BOURGET DU LAC, 74. Festival des Voix du Prieuré, 20 mai-5 juin 2016… « Donner de multiples rendez-vous à l’art vocal dans ce qu’il peut offrir de plus raffiné, de plus fort ». Le Festival qui se déroule dans des lieux patrimoniaux classés monuments historiques (Eglise, Prieuré, Cloître de Saint-Laurent) se veut, selon les mots de son directeur-fondateur, Bernard Tétu, « lieu de création et dialogues ». Autour d’un compositeur invité et de son œuvre Stabat Mater, Piotr Moss, du groupe hétérodoxe Les Slix’s, de la violoncelliste Ophélie Gaillard, une vaillante et enrichissante édition au cœur du printemps.

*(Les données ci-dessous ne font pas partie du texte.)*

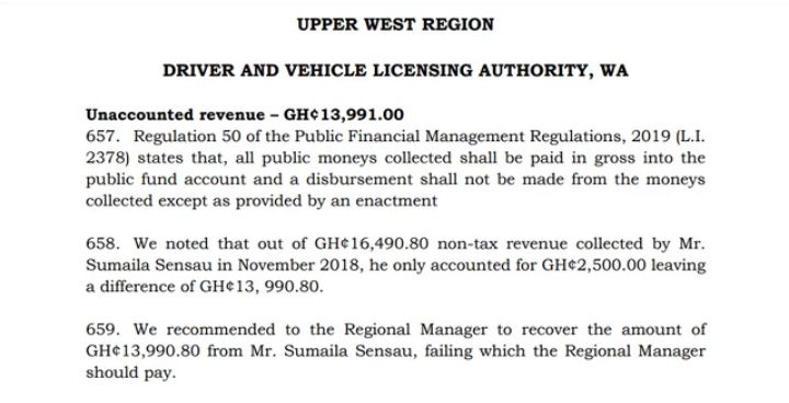The Auditor General stated that out of GH¢16,490.80 non-tax revenue collected by the Regional Manager, Sumaila Sensau in November 2018, only GH¢2,500 was accounted for leaving a difference of GH¢13, 990.80.
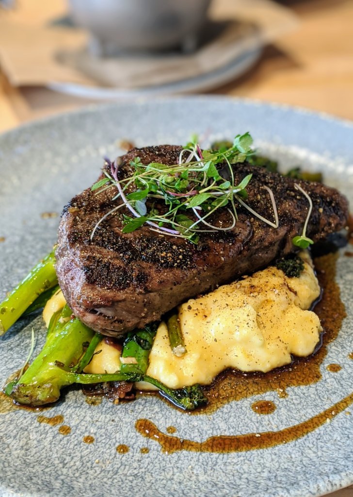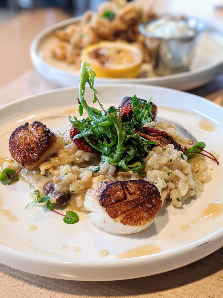 For appetizers, we tried the Pan Seared Alaskan Scallops ($18) and the Crispy Fried Calamari ($16). I loved the scallops and would definitely get them again. Served over some risotto, the scallops were cooked so well. Upon talking to the executive chef, Mark, he explained that this scallop dish was one he personally curated and it’s followed his career journey internationally… so you can only assume that this dish has been really perfected! The calamari was accompanied by a cucumber yogurt dip which nicely balanced out the deep fried dish. Both appetizers were enjoyable but between the two, I definitely preferred the scallops more.

Comment le préférez-vous ?
Le Prieuré, vous le préférez en chiffres ? Alors : 2 concerts partagés, 3 ateliers par artistes professionnels, 4 concerts pour le jeune public, 6 concerts-phares de grands ensembles non moins professionnels, 350 enfants et jeunes du bassin chambéryen et aixois, 900 pièces gourmandes sucrées ou salées préparées pour Apéro Vocal, et 5000 spectateurs qui fréquentent le festival chaque année. Ou en phrases qui ne reposent pas seulement sur le plancher d’une langue de bois par ailleurs sympathico-culturelle, mais correspondent au questionnement toujours en éveil du directeur-fondateur, Bernard Tétu, ;l’un des chefs les plus cultivés de la galaxie française, et des plus ouverts – dans le domaine d’origine, ici vocal –à des courants fort divers, même si la prédilection, attestée par tant d’enregistrements magistraux (35 disques) demeure la musique française des XIXe et XXe, et la musique romantique allemande. Bernard Tétu est aussi un enseignant émérite,aussi exigeant que chaleureux – il a créé au CNSMD de Lyon la première classe pour chefs de chœur professionnels – , et ce pédagogue qui avait suivi les conseils d’Alfred Deller et de Cathy Berberian a su combien il importe de se lier aux compositeurs d’aujourd’hui pour assumer pleinement savocation : Kagel, Ohana, Dusapin, Evangelista, Hersant, Amy, Fénelon, Jolas, Boulez sont sur sa liste d’interlocuteurs privilégiés …
A en rester sans voix
Donc B.Tétu a bien raison de rappeler que les Voix du Prieuré, fondées il y a treize ans, sont « éveilleurs de curiosité. Car la voix humaine a des possibilités infinies, éclatées : rencontres inattendues et fécondes, improvisations, concerts en miroir (miroirs brisés parfois), réinvention des traditions, nouvelles utilisations de la voix… » Et de vocaliser un Catalogue réjouissant de 1003 modalités entrevues et souhaitées : » voix rocailleuses, séraphiques, voix de velours, cassées,humaines, célestes, d’outre-tombe, voix off, vociférations, hurlements, gueulantes, vagissements, cris de joie, d’effroi : c’est à rester sans voix, à chanter à tue-tête, rire à gorge déployée, avoir voix au chapitre, mais aussi murmures, chuchotements et soupirs de plaisir ! Venez écouter, et complétez la liste…si ça vous chante ! »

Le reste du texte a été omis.